Заведующий кардиохирургической реанимацией Санкт-Петербургского государственного педиатрического медицинского университета Евгений Тризна скромный и неразговорчивый. О его работе говорят короткие строки сообщений в СМИ: «Двое суток просидел у постели больной девочки, чтобы она смогла дышать без ИВЛ», «Спас 6-дневного новорожденного, подключив его к аппарату ЭКМО», «Вернул к жизни ребенка с опухолью сердца».
Фото: Александр Глуз/«Петербургский дневник»
Койки не пустуют
Евгений Тризна сначала хотел быть хирургом, но именно детским. Поступил на педиатрический факультет Кемеровской государственной медицинской академии. Потом так сложилось, что стал анестезиологом-реаниматологом, но в кардиореанимации, потом в кардиохирургической реанимации. Сюда поступают дети с 0 до 18 лет с очень тяжелыми проблемами с сердцем – до и после операции.
– Мне всегда больше хотелось работать с детьми. Психологически сложнее, чем со взрослыми, это верно. Когда с ребенком что-то случается – это очень тяжело. Все это в себе переваривается. У представителей моей специальности средняя продолжительность жизни – 54 года, – совсем не шутит Евгений Владимирович.
Основная причина столь быстрого выгорания представителей этой специальности – психологическая.
– Морально тяжело. Переживания, депрессии, это проявляется у всех по-разному. Как правило, к нам поступают тяжелые дети, постоянно находишься в напряжении, общаешься непосредственно с родителями. И это самое сложное, сложнее, чем с детьми. Особенно когда плохие новости. Чаще всего я докторов ограждаю от этого и стараюсь сам разговаривать с родителями, – говорит реаниматолог.
Он никогда не дает прогноза по одному пациенту и по течению заболевания. Определенные проценты летальности существуют, врачи об этом говорят родителям, но каждый пациент непредсказуем. Бывают совсем безысходные состояния с хорошим эффектом, а бывает, к сожалению, наоборот.

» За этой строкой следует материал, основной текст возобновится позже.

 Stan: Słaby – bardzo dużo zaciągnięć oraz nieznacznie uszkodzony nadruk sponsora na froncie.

– Трудно судить об адекватности родителей, когда ребенок тяжело болеет. Кто-то в слезах постоянно, кто-то стойко переносит, но с каждым индивидуально приходится разговаривать. Мы стараемся с первой минуты давать всю информацию в полном объеме, не утаивая и не увеличивая риски, и доносить наше видение ситуации, каждый день доносить. Мы пускаем родителей в реанимацию, мы понимаем, что они должны видеть своего ребенка. Потом? Кто-то потом приходит поблагодарить, но большинство стараются забыть о плохом, это тяжело психологически, – рассуждает Евгений Владимирович.

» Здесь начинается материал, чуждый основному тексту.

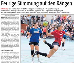 Handball, Bericht Rheinpfalz vom 22.10.2016: "TVH-Frauen in Lingenfeld zu Gast"
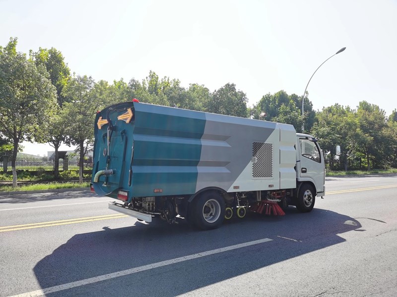該洗掃車(chē)采用東風(fēng)多利卡國(guó)六二類(lèi)底盤(pán)改裝,加裝副發(fā)動(dòng)機(jī)、風(fēng)機(jī)、清水箱、垃圾箱、左右立掃、掃盤(pán)降塵系統(tǒng)、左右高壓側(cè)噴高、吸盤(pán)內(nèi)置高壓主噴桿、氣動(dòng)系統(tǒng)、液壓系統(tǒng)、專(zhuān)用裝置電控系統(tǒng)和副車(chē)架等改裝而成。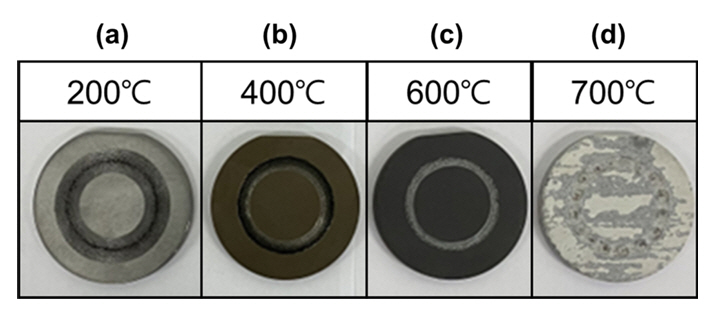 낮은 온도 조건인 200 °C, 400 °C의 경우 마모 볼로 형성된 마모흔이 흑색을 나타내고 있었다. 반면, 높은 온도 조건인 600 °C와 700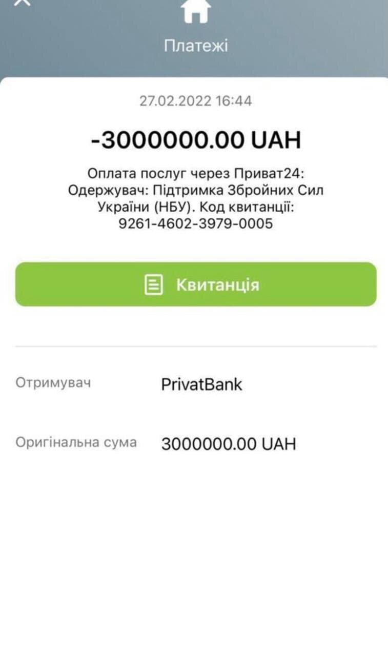 32-річний українець в якості благодійного внеску направив 3 мільйони гривень.

Отделение анестезиологии и реанимации (АиР) Педиатрического можно разделить на три направления: хирургическая и соматическая реанимация, реанимация новорожденных и кардиохирургическая реанимация. Но сюда могут попадать и новорожденные, точнее сюда они чаще всего и попадают, потому что пороки сердца у новорожденных – явление нередкое, к сожалению, и койки очень редко пустуют.
– Все зависит от рождаемости по стране. В какие-то годы много детишек, в какие-то меньше. В среднем последние годы процент увеличивается в связи с улучшением диагностики. Основная масса – дети до года. Врачи стараются прооперировать ребенка с пороком сердца как можно раньше. Бывает, что часто новорожденные с критическими пороками сердца попадают сразу из родзала к нам, и только потом – на операцию, – рассказывает Евгений Владимирович.
«И она задышала»
На столе у анестезиолога-реаниматолога всегда лежит калькулятор, потому что для каждого пациента необходимо абсолютно точно рассчитать пропорции анестезии, дозы лекарства, количество кислорода с учетом возраста, клинических проявлений, рекомендаций. Самая ничтожная ошибка может стать фатальной.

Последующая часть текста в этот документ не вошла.